Q. WHy is heavy metal awesome?
^Because God commanded that heavy metal be awesome, and therefore is.
How can you cook the Creature from the Black Lagoon?
How can you cook the Creature from the Black Lagoon?
A. Boil it in the water of the White Lagoon.
Can't think of a question right now. Go nuts.
Q. Why are pirates pirates?
Q. Why are pirates pirates?
A. cuz they can be, who doesn't want to be a pirate? :lol:
Q. If pro is opposite of con, whats progress and congress?
You confused me. Now I forgot who Al Gore was.
Why are the Lost Boys lost?
Well, that's a paradox. The "Lost Boys" are supposedly lost, but we already know that from the adjective preceding "Boys", so the "Lost Boys" cannot be "lost" and they could not have been "lost boys" prior to being lost, therefore being "boys who are not lost".
Will I ever find my one true love?
Yes. In fact, you'll find both of them
How many Bollywood actors are gay?
17, and a half
What will Wes Anderson do next?
Whatever he wants or can get away with in the end.
Should Lucas ever be allowed to write dialog again?
Yes, we don't want him to start doing Shakespeare-esque monologues.
With the metre.
Who, what, when, or why?
Who, what, when, or why?
Colonel Mustard, with the revolver, at midnight, cuz he waz mad.
lol clue
Why don't I have homework tonight?
You're a dropout.
If Dark Helmet fought Jar Jar, who'd win?

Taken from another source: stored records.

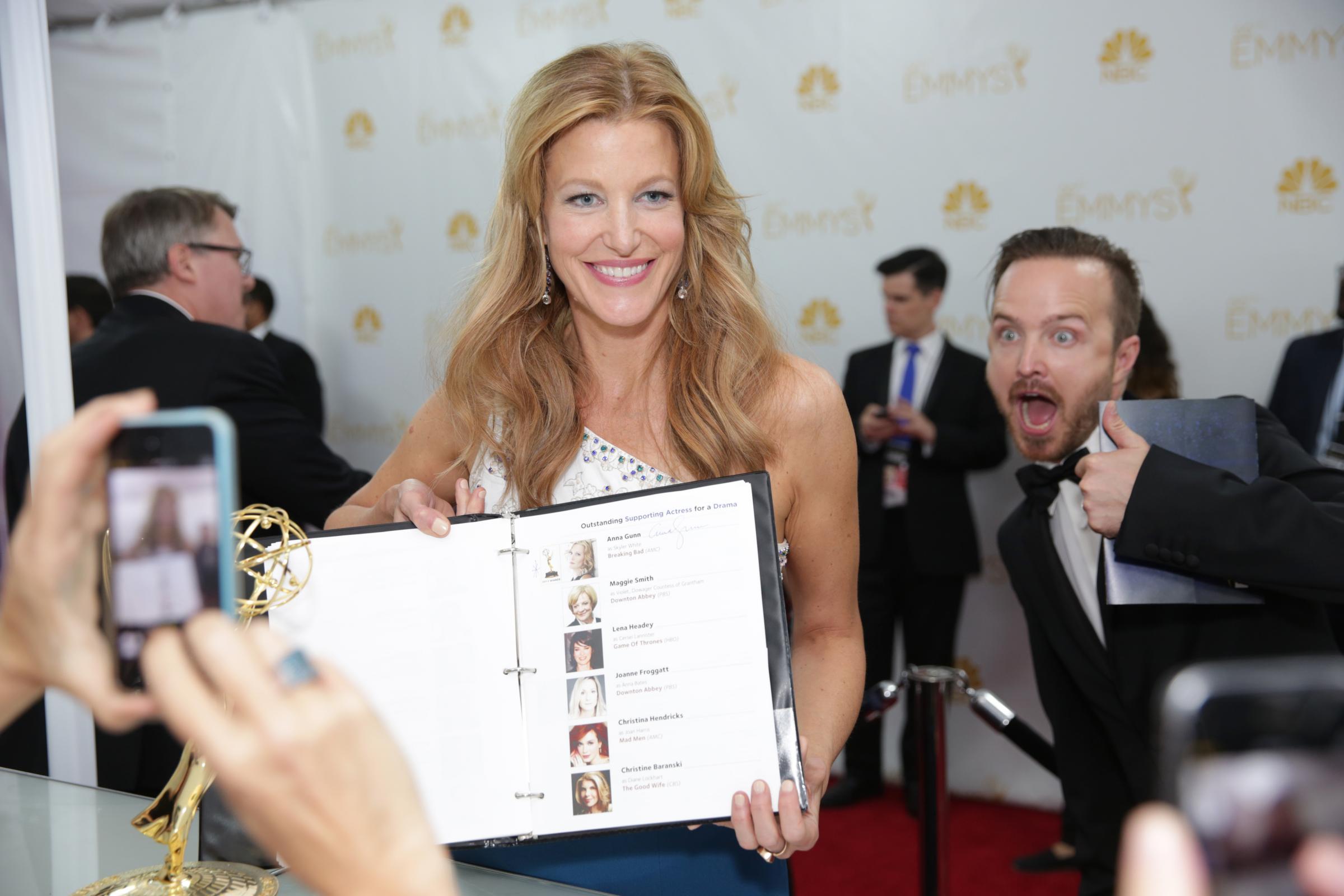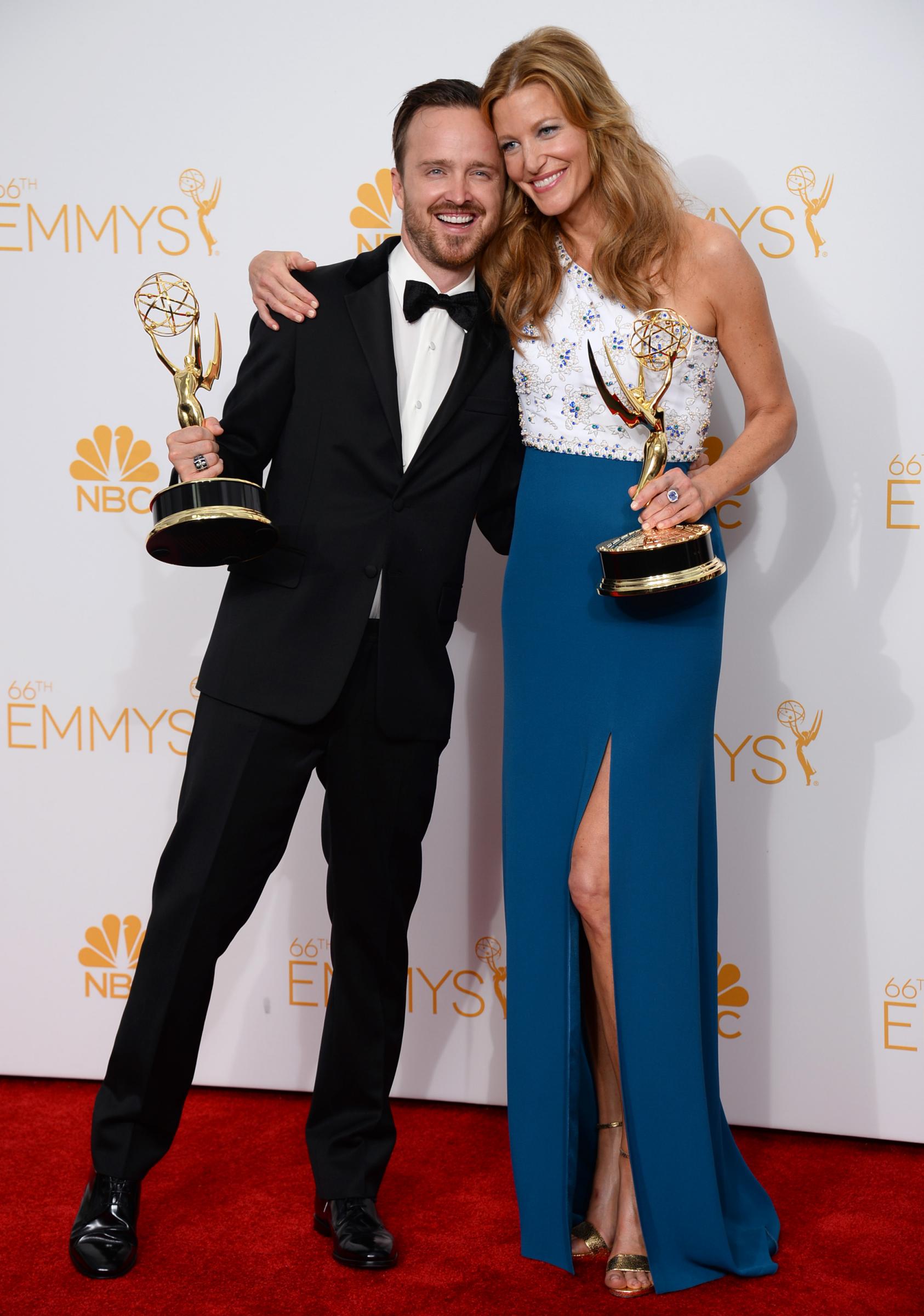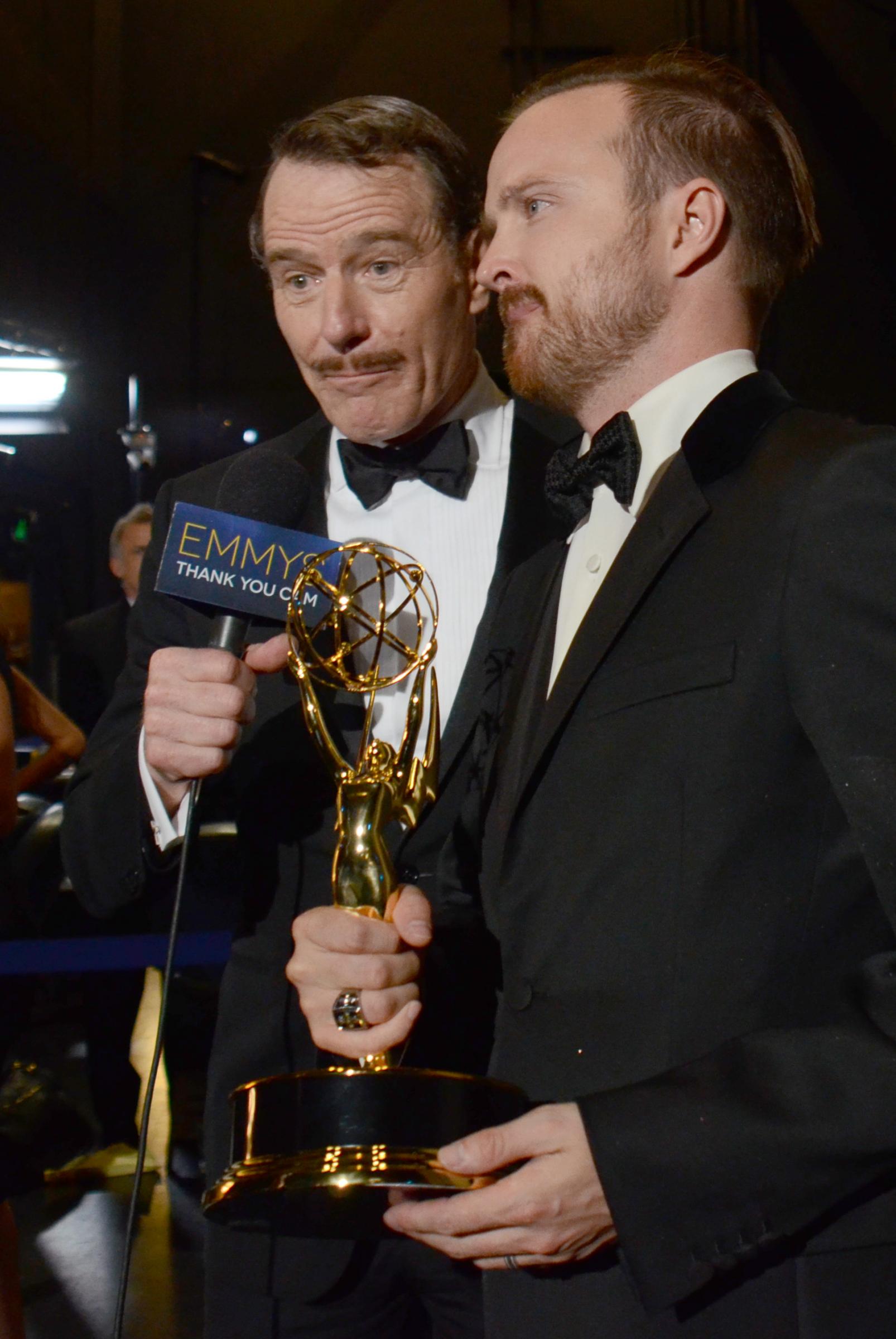 Migliore attore drammatico è stato incoronato infatti Bryan Cranston, alias Walter White, che con un look alla Clark Gable ha ricordato di quando ragazzino amava cercare scorciatoie per sottrarsi alle proprie responsabilità e ha dedicato il premio ai giovani che sono oggi come era lui augurando loro di trovare una passione cui dedicarsi. “Amo recitare e lo farò fino al mio ultimo respiro”. Gloria anche per l’attrice non protagonista femminile di Breaking Bad, Anna Gunn e per Aaron Paul, migliore non protagonista maschile che molto commosso ha ringraziato i colleghi, due in particolare: “Grazie a Vince Gilligan, che ha cambiato la mia vita e ha creduto in me. E grazie Bryan, non c’è giorno che passa che non mi manchi venire sul set e lavorare con te e imparare da te. Mi hai insegnato tanto come attore, ma soprattutto come uomo”.
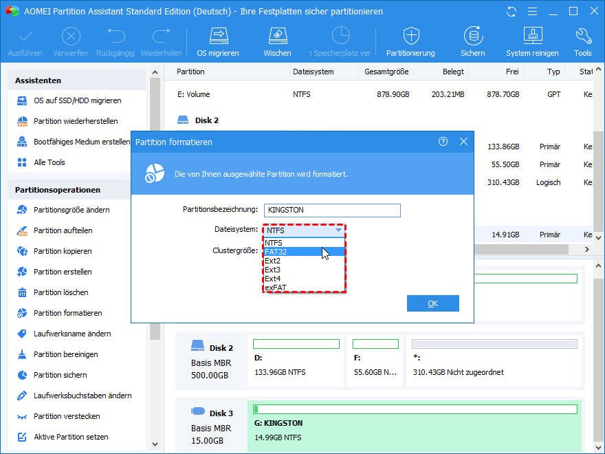 Natürlich kann AOMEI Partition Assistant dazu beitragen, den Schreibschutz von Kingston USB oder anderen Marken-USB-Laufwerken zu entfernen, indem er die Formatierung erzwingt. Außerdem bietet es große Hilfen für Ihre Partitionsverwaltung, einschließlich Klonen von Partition/Festplatte, Zusammenführen von Partitionen, Verschieben von Partitionen und Löschen von Festplatten, Erstellen bootfähiger Medien usw.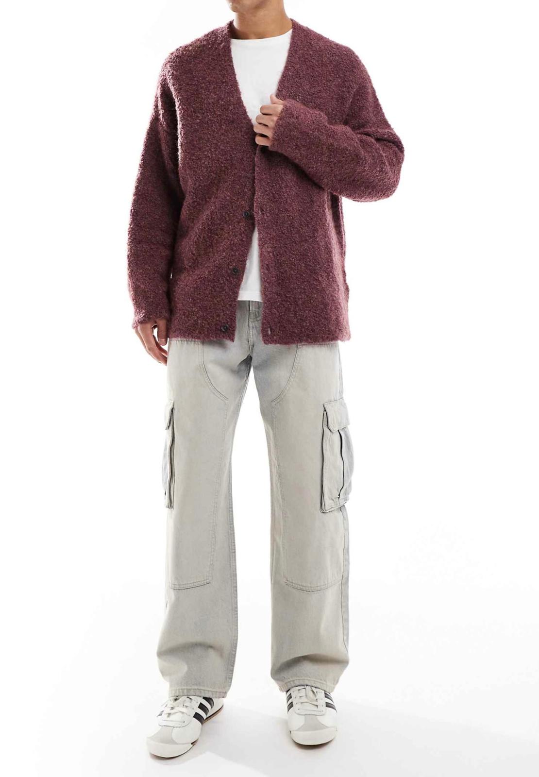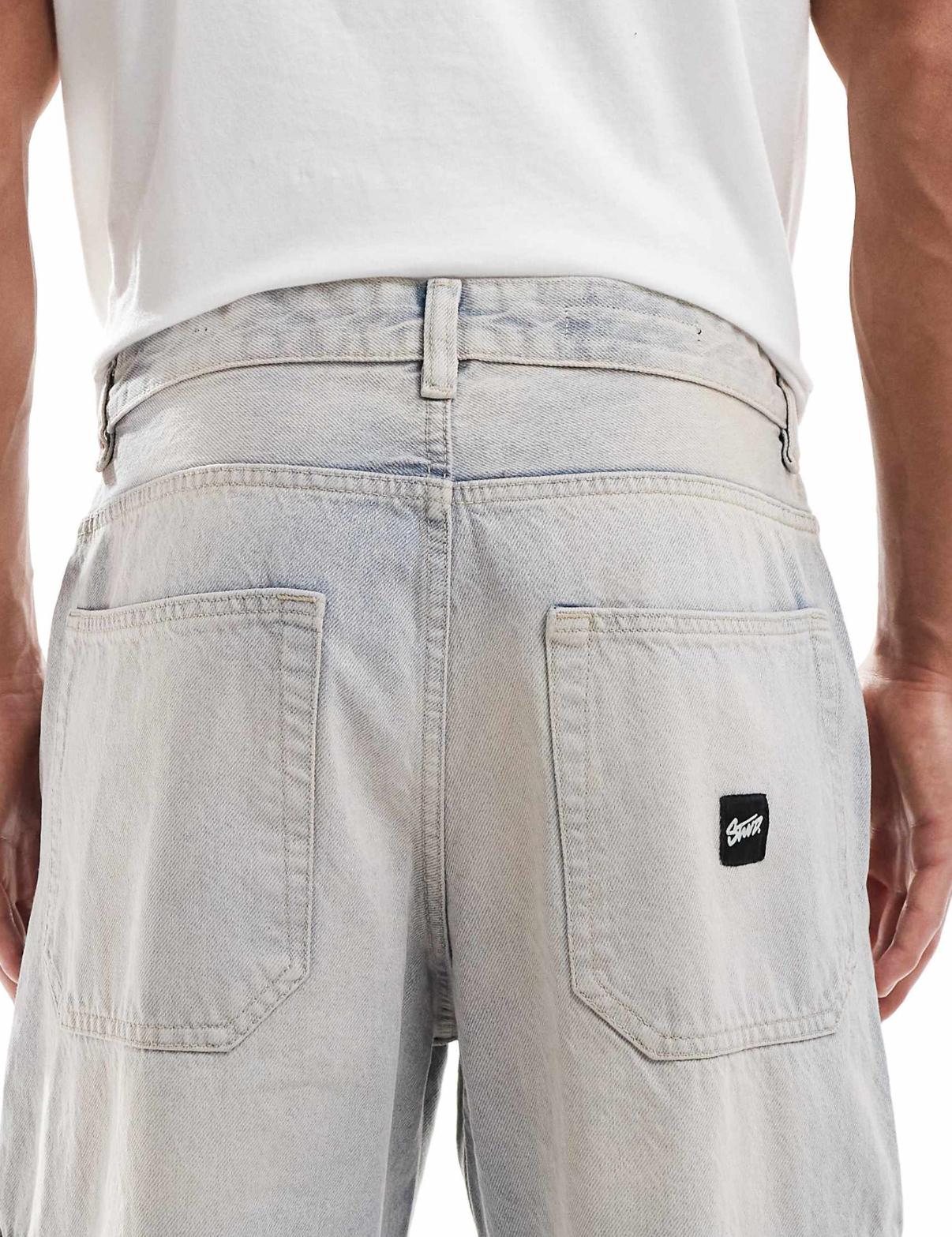 Pull&Bear heavy washed wide leg cargo jeans in light blue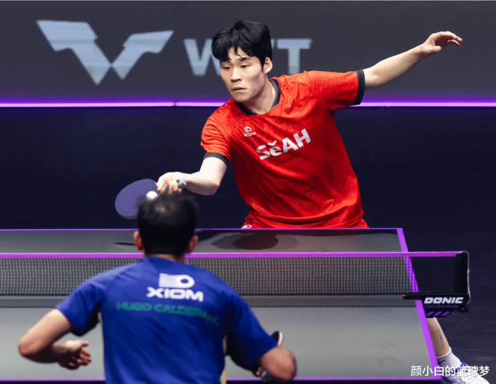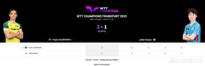 WTT法兰克福冠军赛男单1/16决赛,雨果-卡尔德拉诺3-1击败张禹珍,四局比分:11-9,11-4,6-11,11-9。这场比赛雨果打得非常轻松,这才是世界第三应该有的水准,张禹珍首轮游。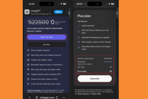 Sau khi đăng nhập, màn hình sẽ hiển thị gói ChatGPT Plus với giá 0đ. Bạn chỉ cần nhấn Claim free offer, sau đó chọn Subscribe để hoàn tất đăng ký. Khi hệ thống xác nhận thành công, tài khoản ChatGPT của bạn sẽ được nâng cấp lên Plus mà không phát sinh chi phí thanh toán.

If Dark Helmet fought Jar Jar, who'd win?
Jar Jar.
EDIT: Wait...no Dark Helmet, evil will always triumph over good cuz good is dumb, remember?
Is Darth Vader a Sith Lord, or just misunderstood?
P.S. I am not a dropout, I just ahve AIMS testing and the teachers don't want to give us homework, for fear of breaking our fragile minds. :xp:
He's a father!
Lone Star vs Han Solo and Luke Skywalker- who would win?
Lone Star vs Han Solo and Luke Skywalker- who would win?
Lone Starr, he has the swartz!
GO nuts with the questions, I can't think of a good one.
Q. Whats the difference between a truck load of marbles and a truck load of babies?
Marbles don't wet themselves.
Have you stopped beating your wife?
A: A wife?!? I'm not even married!!!!!
Q: What's the best meal you've ever had?